─── Material to process
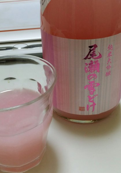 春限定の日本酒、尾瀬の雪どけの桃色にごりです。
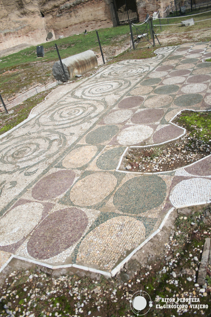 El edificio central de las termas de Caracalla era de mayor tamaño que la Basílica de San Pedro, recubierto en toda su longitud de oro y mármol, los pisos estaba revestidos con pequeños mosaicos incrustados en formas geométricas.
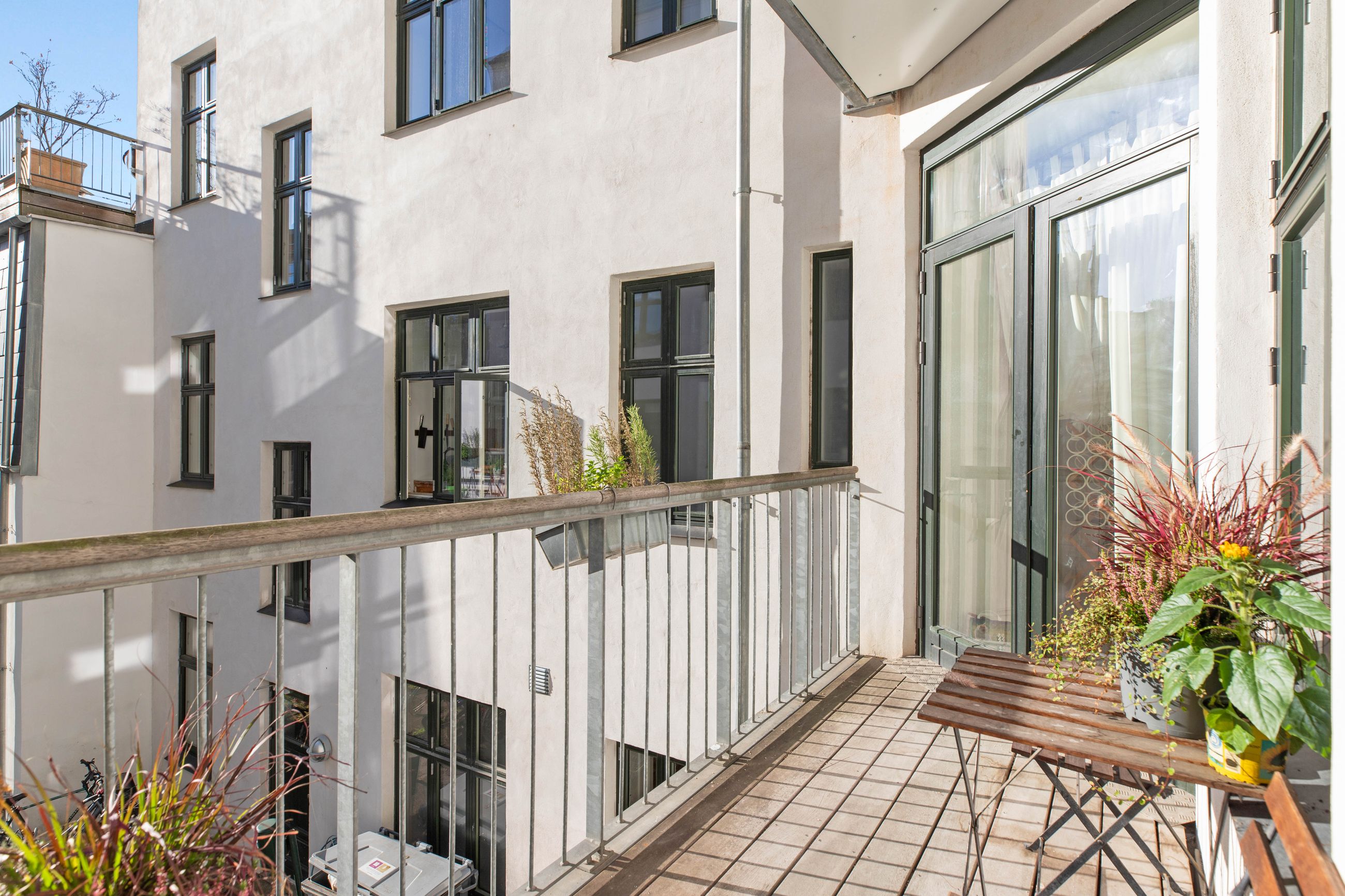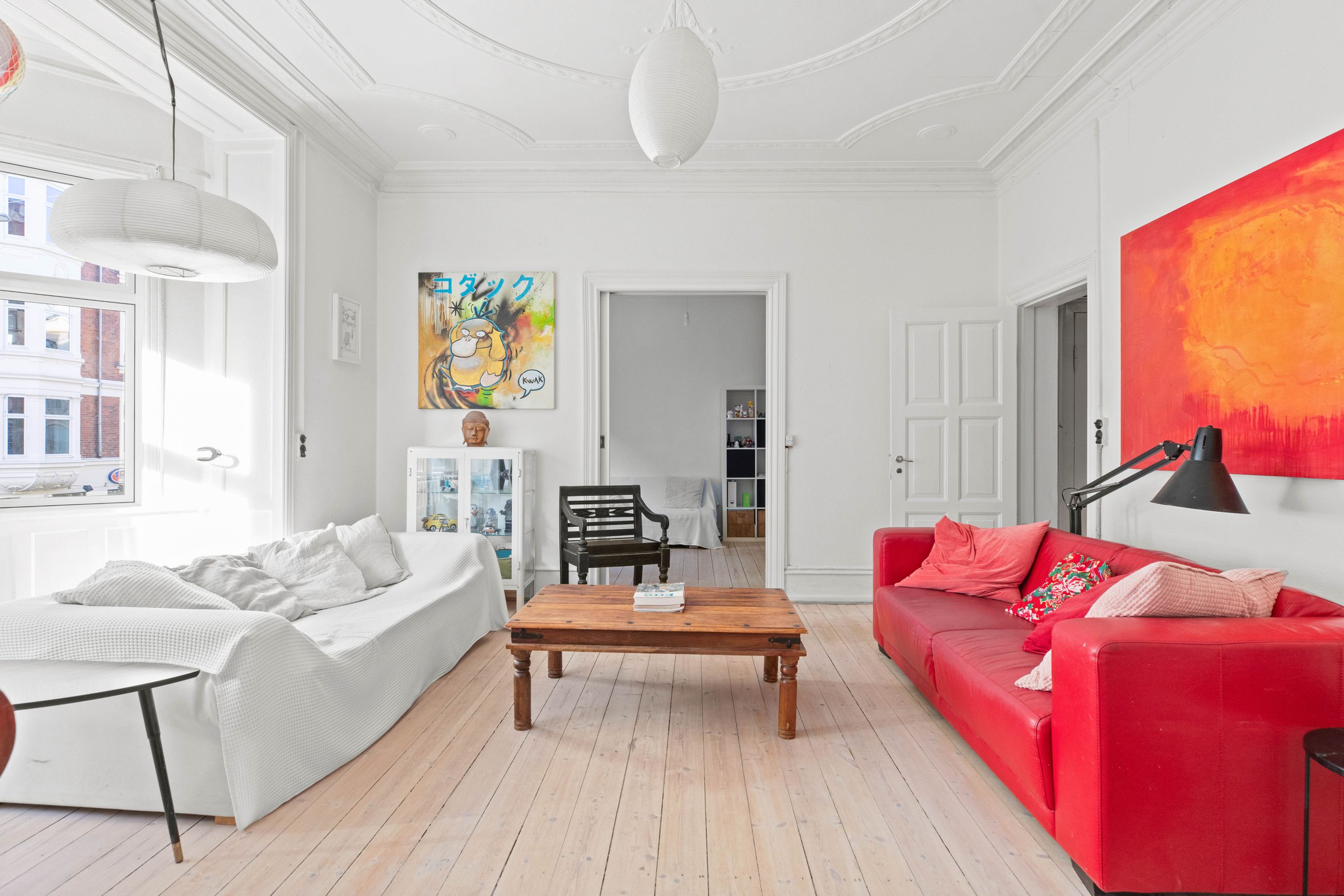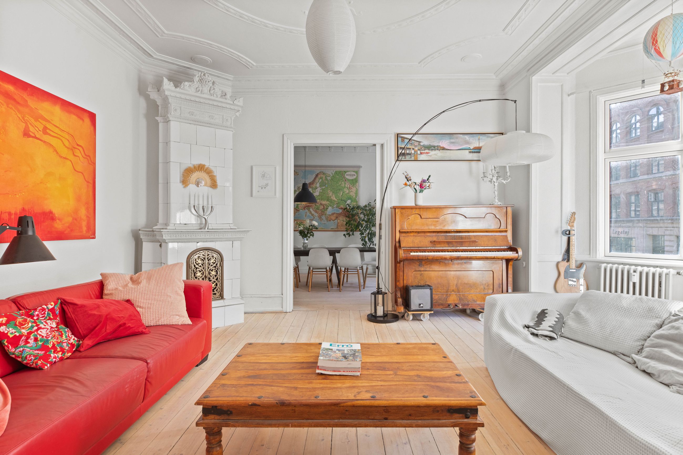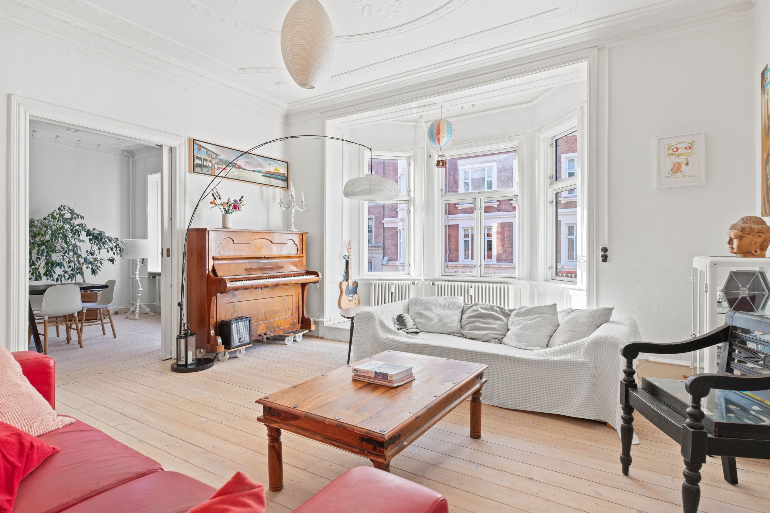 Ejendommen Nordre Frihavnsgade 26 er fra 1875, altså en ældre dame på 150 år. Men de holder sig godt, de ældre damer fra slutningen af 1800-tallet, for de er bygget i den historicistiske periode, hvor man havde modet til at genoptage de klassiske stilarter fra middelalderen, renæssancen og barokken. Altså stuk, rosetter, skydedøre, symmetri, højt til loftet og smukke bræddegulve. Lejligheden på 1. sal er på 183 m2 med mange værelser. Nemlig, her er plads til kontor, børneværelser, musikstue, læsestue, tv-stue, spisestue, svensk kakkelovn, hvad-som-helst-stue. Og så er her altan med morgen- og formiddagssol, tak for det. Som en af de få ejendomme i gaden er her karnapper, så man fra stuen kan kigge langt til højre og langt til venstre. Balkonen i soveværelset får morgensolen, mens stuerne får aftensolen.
──────
─── Material to process
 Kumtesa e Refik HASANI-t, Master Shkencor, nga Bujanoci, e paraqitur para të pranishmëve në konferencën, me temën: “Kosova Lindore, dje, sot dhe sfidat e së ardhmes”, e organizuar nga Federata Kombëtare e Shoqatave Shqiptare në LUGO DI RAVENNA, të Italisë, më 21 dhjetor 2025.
──────
─── Material to process
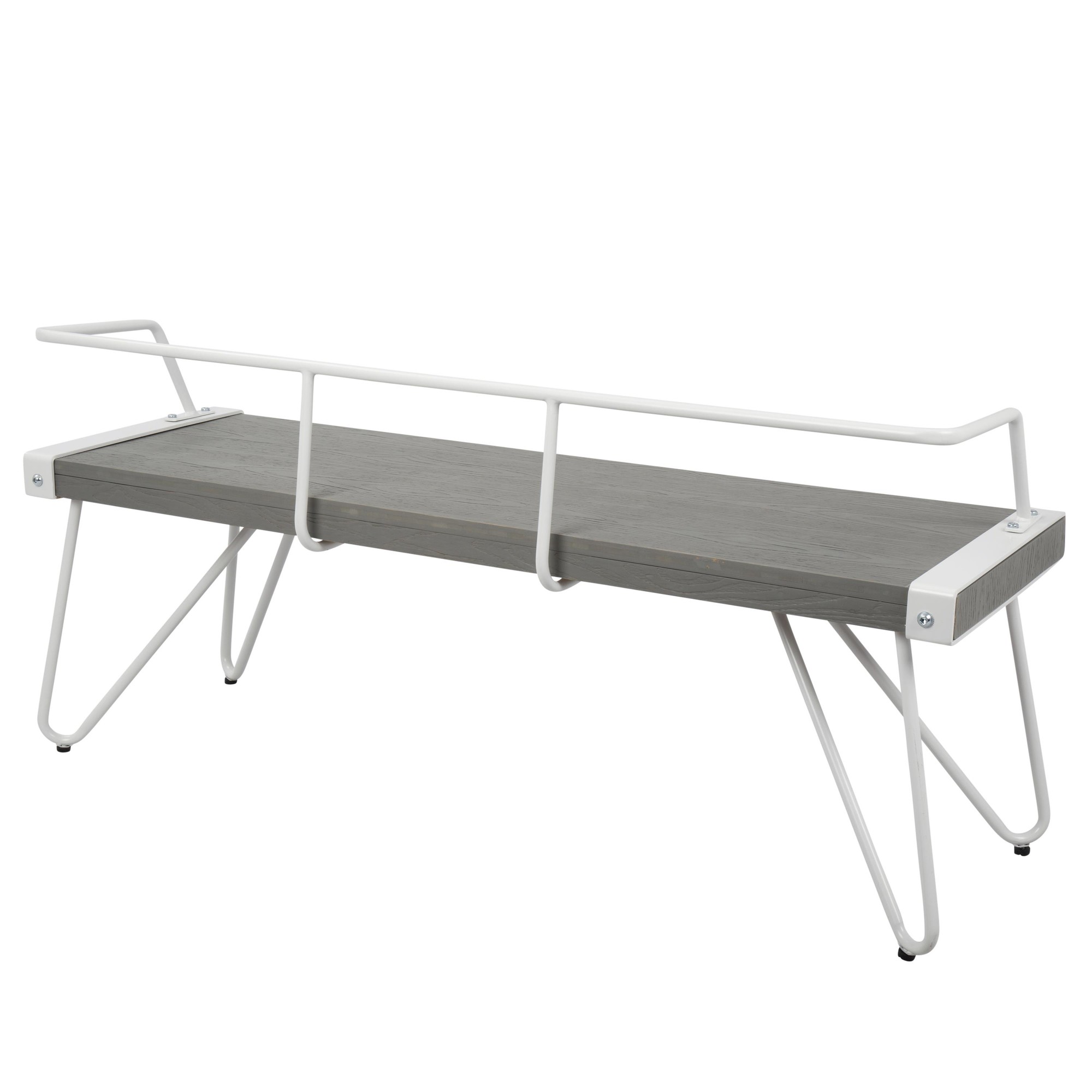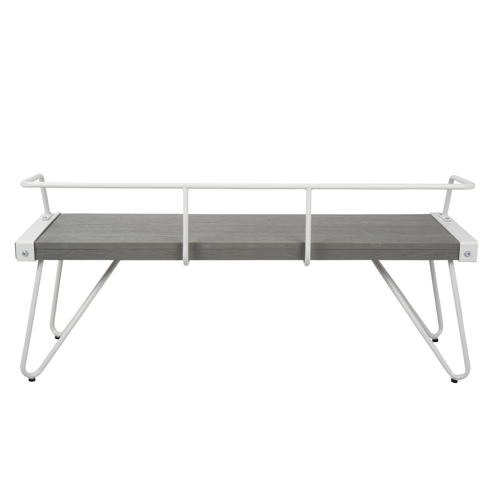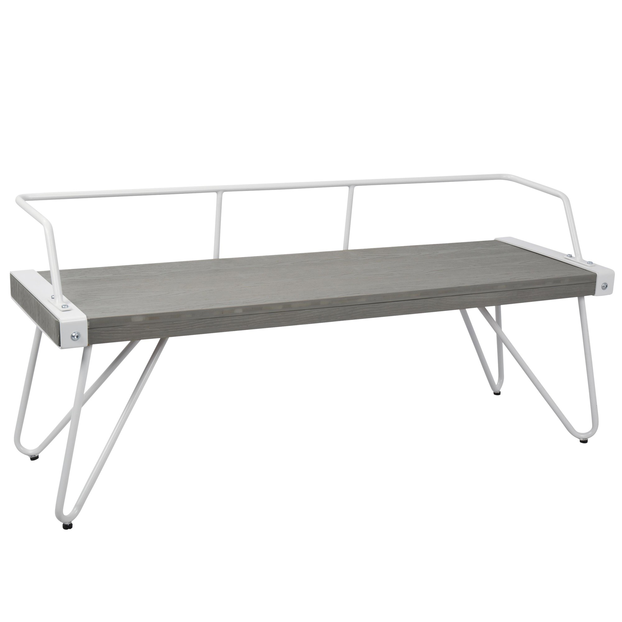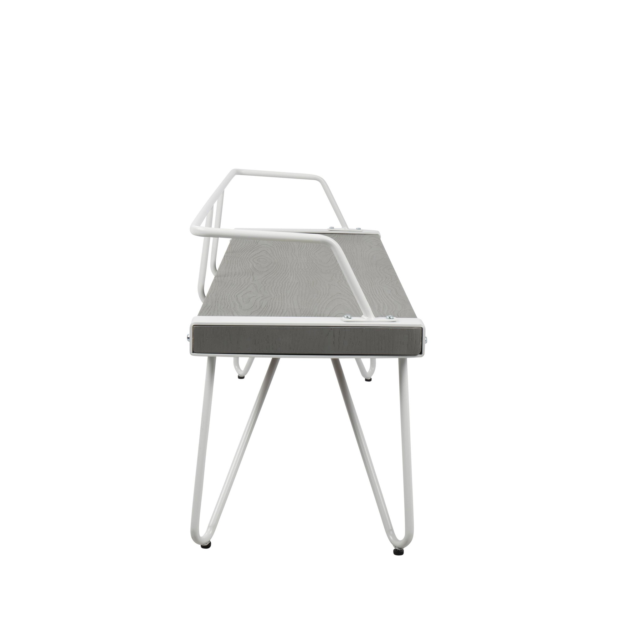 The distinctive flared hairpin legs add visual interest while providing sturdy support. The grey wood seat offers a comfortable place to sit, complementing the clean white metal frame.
──────
From the data above, return only the lines starting at the line that holds "El edificio central" and ending at the line that holds "Ejendommen Nordre Frihavnsgade", word for word and without pictures.

 El edificio central de las termas de Caracalla era de mayor tamaño que la Basílica de San Pedro, recubierto en toda su longitud de oro y mármol, los pisos estaba revestidos con pequeños mosaicos incrustados en formas geométricas.
 Ejendommen Nordre Frihavnsgade 26 er fra 1875, altså en ældre dame på 150 år. Men de holder sig godt, de ældre damer fra slutningen af 1800-tallet, for de er bygget i den historicistiske periode, hvor man havde modet til at genoptage de klassiske stilarter fra middelalderen, renæssancen og barokken. Altså stuk, rosetter, skydedøre, symmetri, højt til loftet og smukke bræddegulve. Lejligheden på 1. sal er på 183 m2 med mange værelser. Nemlig, her er plads til kontor, børneværelser, musikstue, læsestue, tv-stue, spisestue, svensk kakkelovn, hvad-som-helst-stue. Og så er her altan med morgen- og formiddagssol, tak for det. Som en af de få ejendomme i gaden er her karnapper, så man fra stuen kan kigge langt til højre og langt til venstre. Balkonen i soveværelset får morgensolen, mens stuerne får aftensolen.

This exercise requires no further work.